Schéma 8, vue postérieure. Le centre de rotation de la scapula se trouve à mi-hauteur de l’écaille. Analogie avec une cloche, un mouvement de sonnette. Sonnette externe : abduction de la scapula=> muscles sur la partie inférieure => faisceau inférieur du dentelé antérieur. Le trapèze est innervé par le XI, le spinal accessoire. Le faisceau inférieur permet de resserrer les omoplates entre elles.

Les mouvements de « sonnette interne » : muscles qui remontent au bord médian, en direction supérieure => rhomboïdes. Action indirecte du grand dorsal (en avant de l’humérus) dans l’adduction de l’épaule, quand le deltoïde se contracte aussi.

Schéma 9 : coupe horizontale des rotateurs En avant de la tête humérale, on a la gouttière biccipitale. On a le subscapulaire, en rotateur interne, qui s’insère sur le tubercule mineur de l’humérus (ce muscle est souvent en cause dans les enraidissements de l’épaule). On a le tendon commun du grand rond et du grand dorsal (rotateurs internes et abducteurs). Le pectoral est devant. Le deltoïde est très étendu (fibres rotatrices externes et internes). Le petit rond et le deltoïde sont innervés par le nerf axillaire. L’infra-épineux est innervé par le suprascapulaire. En cas de paralysie, la RE active est conservée car il y a compensation du deltoïde.

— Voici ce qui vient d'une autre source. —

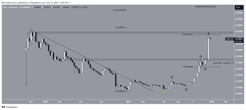 Finalement, c’est Ethereum qui a surperformé le SOL tout au long de la première moitié de l’année, et la tendance s’est inversée au cours de la seconde. Le cours s’approche maintanant de son sommet historique de 0,055 ETH. Cependant, le rallye est devenu complètement parabolique.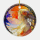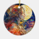 A vibrant ornament featuring a watercolor painting of a girl and moon.
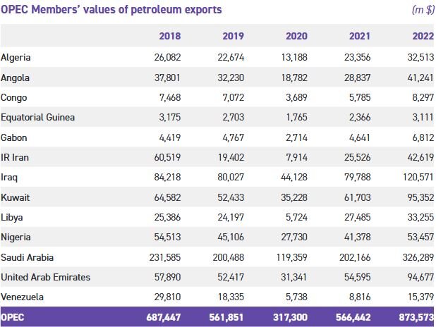 طبق آمار منتشره در بولتن آماری سالانه ۲۰۲۳ اوپک، ارزش صادرات نفتی ایران در سال ۲۰۲۲، به ۴۲.۶ میلیارد دلار رسید که در مقایسه با ارزش صادرات نفتی سه سال گذشته، بالاتر بود.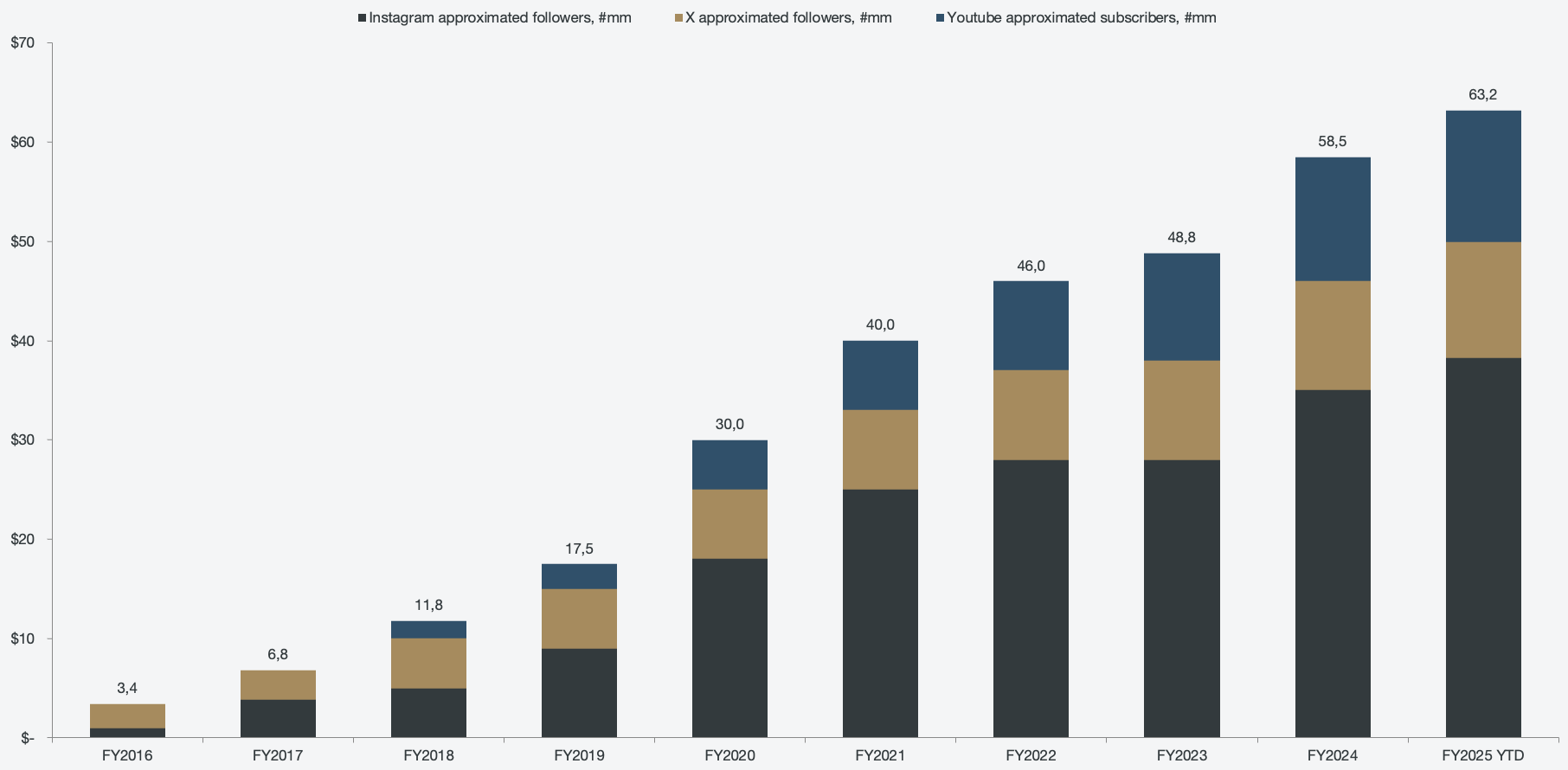 Figure 6: F1 social media following approximations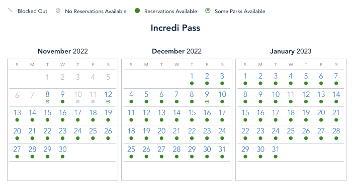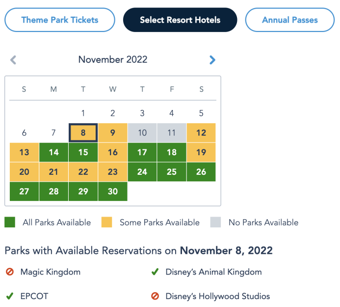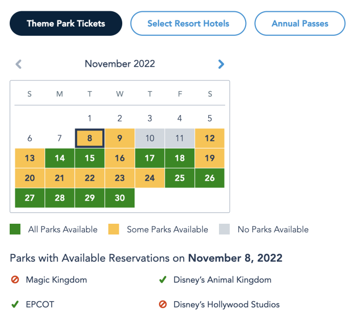 And for the Pixie Dust Pass, all four parks are sold out on November 10th and 11th, with Hollywood Studios also sold out on November 8th. Pixie Dust Passholders are blocked out on November 12.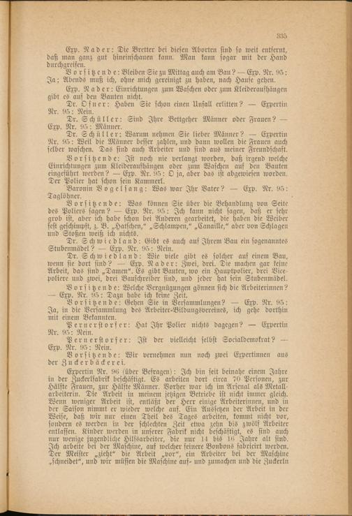 Expertin Nr. 96 (über Befragen): Ich bin seit beinahe einem Jahre in der Zuckerlfabrik beschäftigt. Es arbeiten dort circa 70 Personen, zur Hälfte Frauen, zur Hälfte Männer. Vorher war ich im Arsenal als Metallarbeitern:. Die Arbeit in meinem jetzigen Betriebe ist nicht immer gleich. Wenn weniger Arbeit ist, entläßt der Herr einige Arbeiterinnen, und in der Saison nimmt er wieder welche auf. Ein Aussetzen der Arbeit in der Weise, daß wir nur einen Theil des Tages arbeiten, kommt nicht vor, sondern es werden in der schlechten Zeit etwa zehn bis zwölf Arbeiter entlassen. Kinder werden in unserer Fabrik nicht beschäftigt, es sind auch nur wenige jugendliche Hilfsarbeiter, die nur 14 bis 16 Jahre alt sind. Ich arbeite bei der Maschine, auf welcher feinere Bonbons fabricirt werden. Der Meister „zieht" die Arbeit „vor", ein Arbeiter bei der Maschine „schneidet", und wir müssen die Maschine auf- und zumachen und die Zuckerln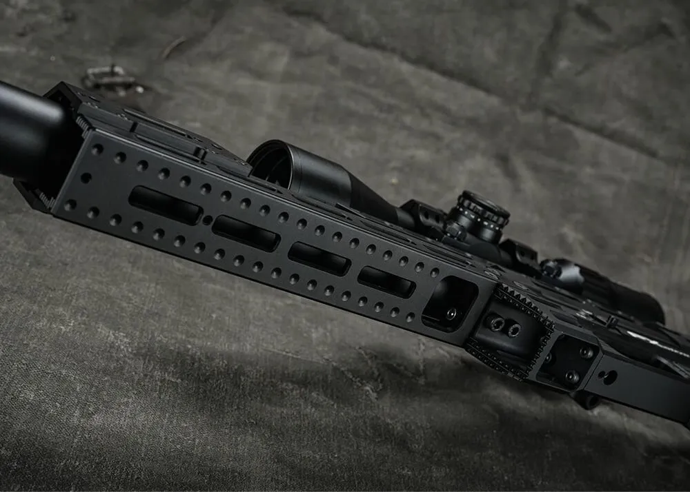 Zbiornik PCP nad lufą – pojemność 310 cc, redukuje gabaryty broni, poprawiając ergonomię i transport.

Cas cliniques Premier cas : la scapula ressort en arrière quand le patient utilise son bras droit pour soulever un objet. Donc paralysie du dentelé antérieur. Donc atteinte du nerf thoracique long. Quand on appuie sur la scapula, le patient peut lever son bras très haut, mais dès que l’on lâche, le bras retombe. Solution : stabiliser chirurgicalement la scapula en la bloquant derrière 2 côtes qu’on sectionne. Deuxième cas : Une bosse apparaît à l’extrémité médiale claviculaire à l’élévation du bras. C’est une luxation sternoclaviculaire. Solution : reconstruire un ligament pour éviter que ça ne « saute ». Attention, on ne voit rien sur une radio faite au repos, il faut examiner le patient. Troisième cas : Patiente qui a très mal à l’élévation et à la redescente du bras. C’est une tendinite sous-acromiale, c’est-à-dire une inflammation du tendon supra-épineux, donc un épaississement donc une douleur quand le tendon

« bouge » sous l’acromion. Extrêmement fréquent. Solution : injection d’anti-inflammatoire. Si on ne fait rien, il peut y avoir rupture du tendon, et besoin d’une chirurgie pour réparer ça. Quatrième cas : patiente qui a un problème au niveau du trapèze : aspect en coup de hache externe. Donc paralysie du nerf spinal accessoire. Cause majeure du problème : iatrogène (par exemple, secondaire au prélèvement d’un ganglion dans le cou, qui a conduit à une rupture accidentelle du nerf accessoire). On « sait » que ça n’est pas un problème de dentelé, puisqu’il n’y a pas de saillie de la scapula. Cinquième cas : déformation chez un enfant : enraidissement en adduction, aussi appelé signe du clairon. Chez l’enfant ou le nouveau-né, signe caractéristique d’une paralysie obstétricale : on a trop « tiré » pendant l’accouchement, et ça a abîmé le plexus brachial. Les rotateurs internes de l’enfant récupèrent avant les rotateurs externes, donc l’enfant reste en rotation interne pendant des mois. Sur la radio, on voit que la tête humérale est très petite et que la cavité glénoïde est plate=> faible congruence et déplacement progressif. Solution : rééducation très précoce du bébé pour récupérer la rotation externe avant qu’on ait un enraidissement. Ici, c’est donc trop tard… Sixième cas : atrophie du supra et de l’infra-épineux. Donc nerf supra-scapulaire atteint, probablement coincé dans l’échancrure coracoïdienne, problème assez classique chez les sportifs.